To attend to her every need, Gypsy hired a cook and maid,
Eva Morcur, another of Eddy’s brilliant ideas.
Every star had one, he told her, and she needed to start behaving as such. A former singer for the Cotton Club in Harlem, Eva too craved publicity and knew how to get it, waiting until the cameras were poised before draping Gypsy with her silk robe. On Friday nights Gypsy threw exclusive soirees, her invitations coveted by those on the social register (including the aforementioned Squimpfenhuppels as well as the
Otis Chatfield-Taylors), artists, writers, and gangsters alike. Eva fretted over every detail, preparing several
courses of comfort food—roast beef and liver smothered in gravy, platters of vegetables, boiled potatoes, homemade chocolate cake—while Gypsy ran about in a frenzy, wearing nothing but a sheer negligee, three-inch fingernails, and $25,000 worth of jewelry, soon to be stolen during a holdup in her apartment vestibule by six men who apologized and told her, “
We’re broke or we wouldn’t do this, Gyps.” She tried to swallow her pear-shaped diamond ring, but one of the thugs punched her so hard she spat out the diamond and
loosened a few of her Waxey Gordon-sponsored teeth, as well.
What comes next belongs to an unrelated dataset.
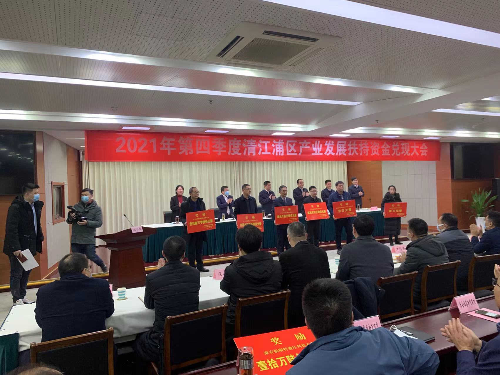 1月27日上午,区委副书记高进锋通报全区2021年第四季度产业发展扶持资金兑现情况,区领导向获奖企业颁发产业发展扶持资金奖牌,拟分三批进行(新增产能奖、财税贡献奖、科技创新奖,每批10家)。开云体育-开云(中国)一站式服务官方网站
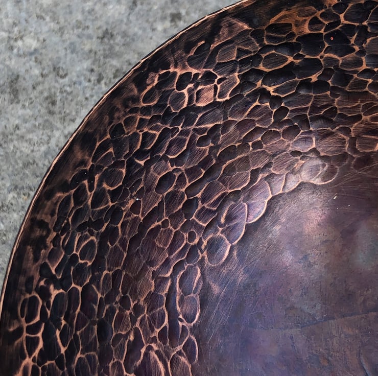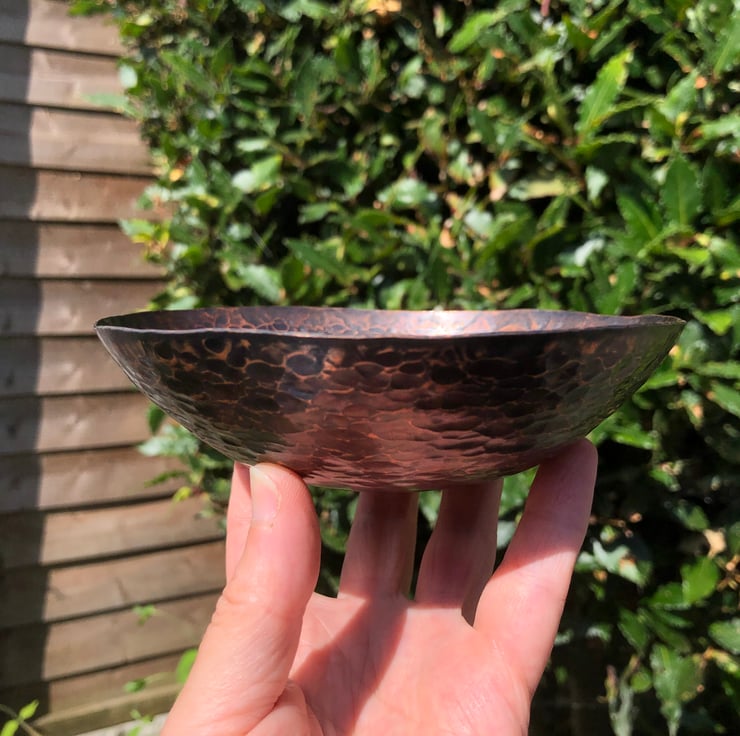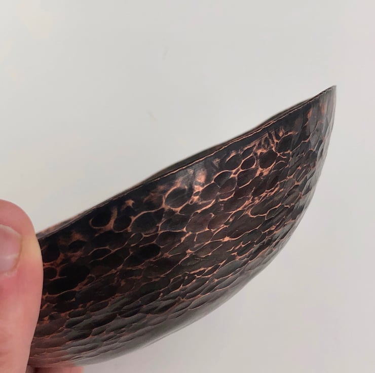 Decorative copper bowl with hammered and oxidised finish. Hand raised copper bowl with beautiful hammered surface. Each piece is unique and has the makers mark on the underside.

She instantly recognized the thugs—old acquaintances from her underworld days—and knew better than to say a word.

After the guests arrived and collected flutes of champagne, the talk turned to art and books and theater and, inevitably, to Gypsy Rose Lee herself. What did she think about
Strip Girl
, the show on Broadway that told the story of a burlesque dancer? Was it based on her life? “
I consider that show an insult,” Gypsy replied, “not only to me but to the many stars who have been in burlesque. The author should have his eyes opened and his mind washed.” Did everyone hear that Mae West called her “Lady Peel”? Gypsy’s retort: “
Mae West,” she said, “is the weakest link in the Vassar daisy chain.” When another actress, Carole Landis, criticized “leg art,” an informal term for burlesque, Gypsy feigned offense. “Leg art requires no protection from Miss Landis,” she purred. “I am sure no one will mind if she does
Salome
in long underwear and a fire helmet.” When Yale boys informed Gypsy she placed second to Ann Sheridan in a campus popularity poll, they asked for her opinion of the actress. “
I think he was a swell general,” she said sweetly.

Did everyone see her picture with the Princeton football team,
where her position was given as “
Right End”? How clever she is,
seasoning her conversation with French
—comment beau, comment special, comment futé
—and to think she had so little formal education. Did they hear Gypsy once attended a publishing party with playwright and publisher John Farrar? She took charge of every conversation, tossing off casual references to Shakespeare and Karl Marx, to Dorothy Parker’s
Death and Taxes
and Damon Runyon’s
Guys and Dolls
, to the recent autobiographies published by Emma Goldman and Lincoln Steffens. Isn’t it darling when she tilts her head self-consciously and inquires, “
Whither the New Negro?” Have they heard that Gypsy is a drug addict? A lesbian? A damn good female impersonator? Aren’t her stories about her mother hilarious—bilking all those lodge men, stealing blankets and wigs and entire sketches, shooting at her sister’s boyfriend, threatening the late, great Billy Minsky?